B.G.: Dá para ser saudável, mas infelizmente poderíamos estar bem melhor se tivéssemos um incentivo do governo para isso. Um produto orgânico hoje em dia é bem mais caro do que o normal. Os produtores locais não têm apoio. Acho que primeiramente tinha que ter um apoio governamental. Mas saúde não dá grana para ninguém, né? Ninguém quer saber.
Mas fora isso, eu acho que dá para a gente viver comendo bem, comendo comida de verdade. Uma pessoa consegue comprar um arroz, um feijão e legumes para fazer para uma família. E o arroz e feijão alimenta mais pessoas com menos dinheiro do que comprar um sanduíche.
Hoje é assim, quando se ganha um pouquinho mais de dinheiro já leva os filhos no para o fast food.
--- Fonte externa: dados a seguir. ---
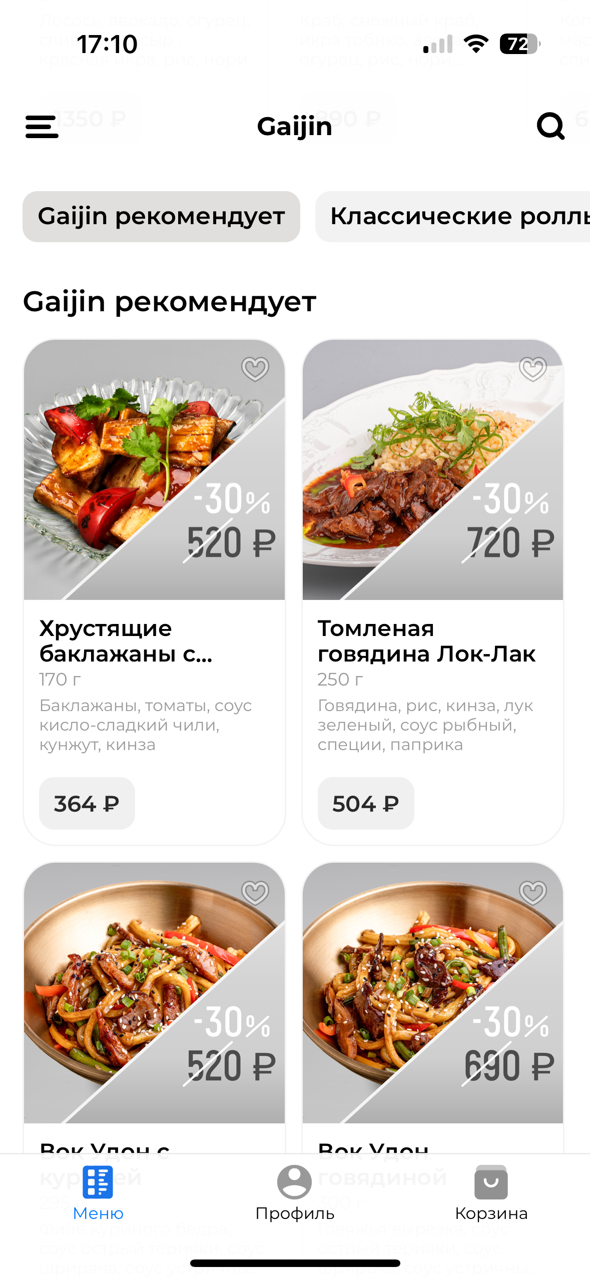 Королевский ролл с лососем и угрем; Ролл, запеченный с креветкой и сыром пармезан; Ролл, запеченный с угрем и луком фри; Темпура-тако с угрем; Ролл "Лосось и соленая карамель"; Запеченные суши: с лососем 2 шт., с тунцом 2 шт., с угрем 2 шт., с гребешком 2 шт.
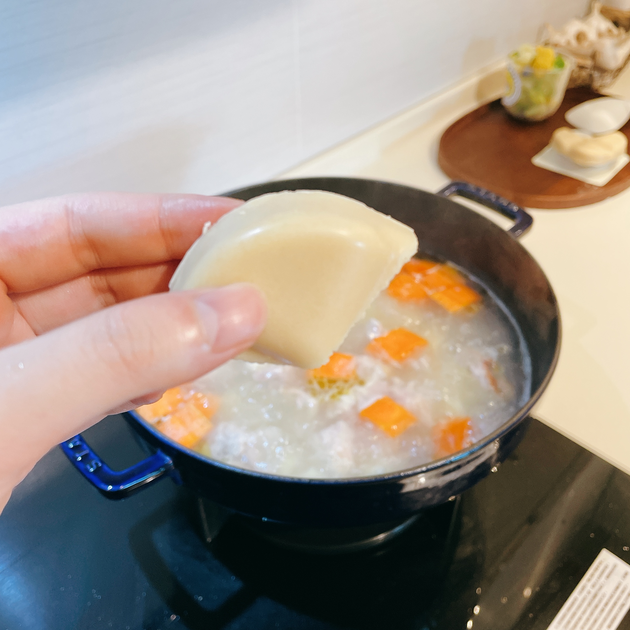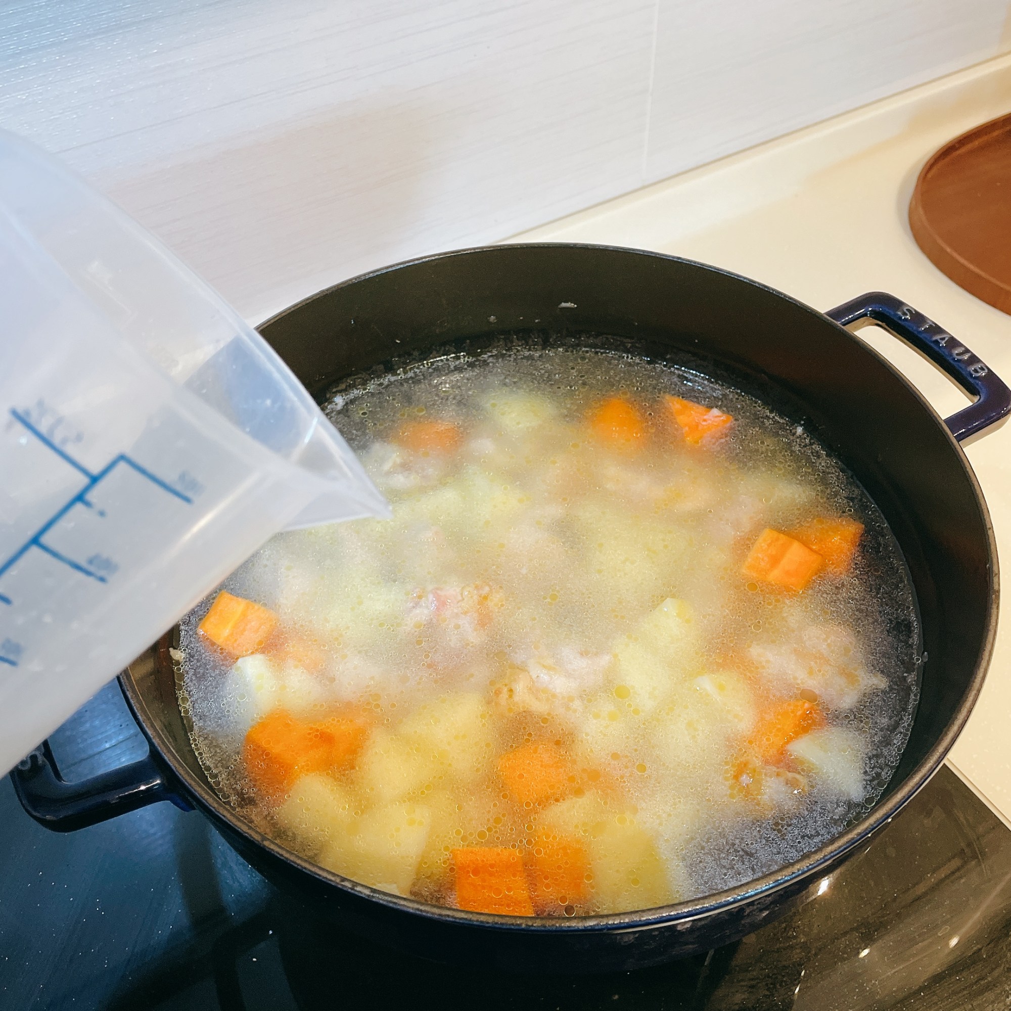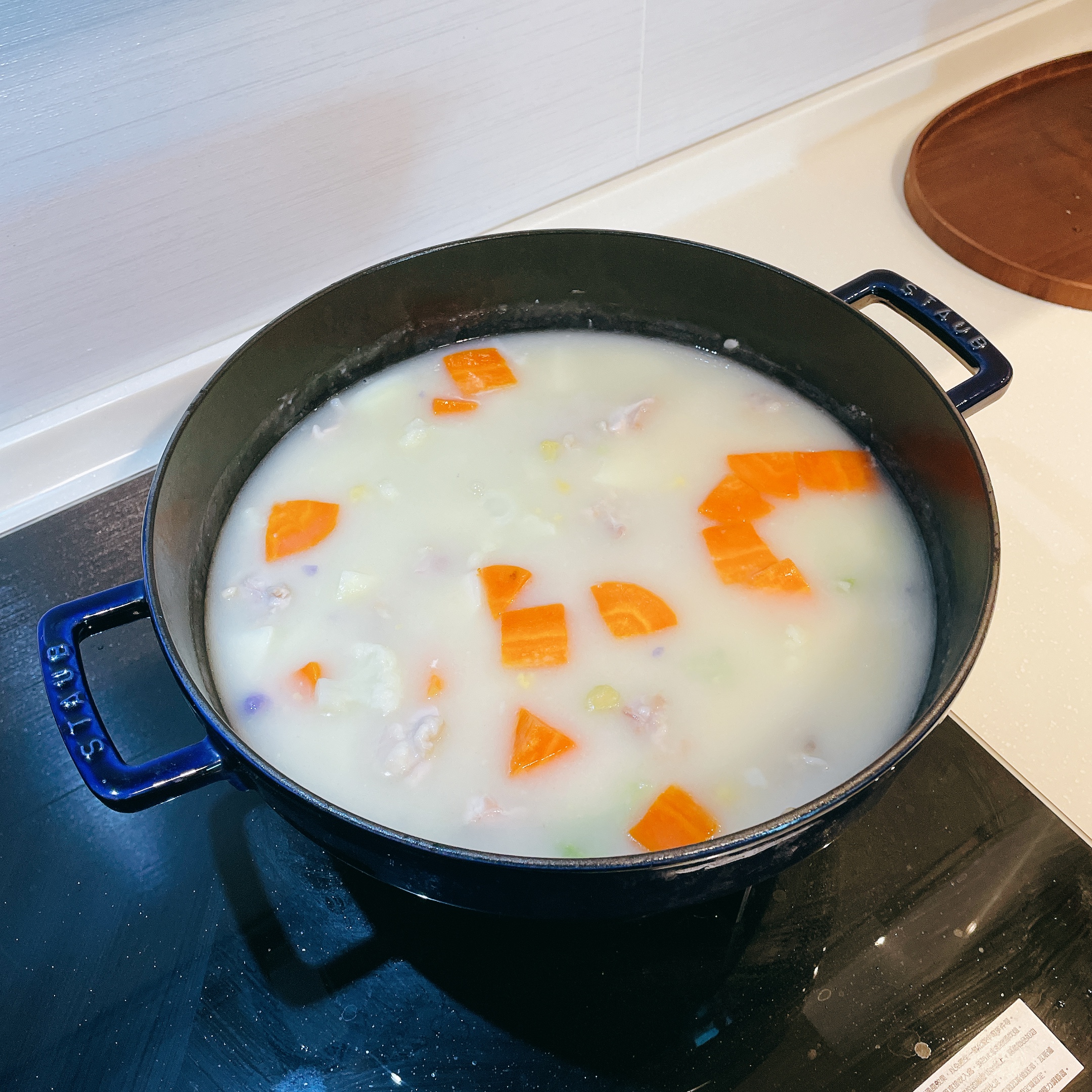 煮滾後將House好侍「北海道白醬料理塊」 (1塊)用手掰成4小塊,加入鑄鐵鍋攪拌融化繼續燉煮,

Temos que voltar à comida de verdade. O que encarece uma alimentação são os as comidas processadas e industrializadas. Mas ninguém quer abrir mão de uma pizza por arroz e feijão.
Terra: Outra queixa comum de quem procura ter uma alimentação saudável, mas não consegue, é a falta de tempo. Tem solução?
B.G.:
Tem coisas que você pode fazer para ajudar nisso. Você pode chegar da feira e já lavar os vegetais, as frutas e deixar tudo na geladeira, assim quando chegar em casa é só cortar. Você pode cozinhar o feijão e congelar, ou cozinhar o arroz e já deixar na geladeira, que ele aguenta por dois, três dias.
Ser saudável é um estilo de vida. Você tem que se conectar. Não necessariamente precisa amar cozinhar, mas tem que ter contato com a comida, senão fica sempre a mesma desculpa ‘não gosto de cozinhar’.
Terra: O que você recomendaria para as pessoas que querem adotar uma alimentação mais equilibrada?
B.G.:
A recomendação é sempre comer mais comida, menos produtos industrializados. O estímulo tem que vir de dentro, você tem que fazer coisas que te estimule a comer melhor.
Fazer exercício faz você comer melhor, isso é certo. Converse mais sobre isso, busque mais informações. O conhecimento traz a vontade de mudar.
Se você não come nada de legal, tente colocar pelo menos um verde no prato. Comece aos poucos, com semente de linhaça, que é rica em ômega 3, e com os verdes, espinafre, couve. Se você não faz nada, adicionar pelo menos uma vez ao dia já é uma grande coisa.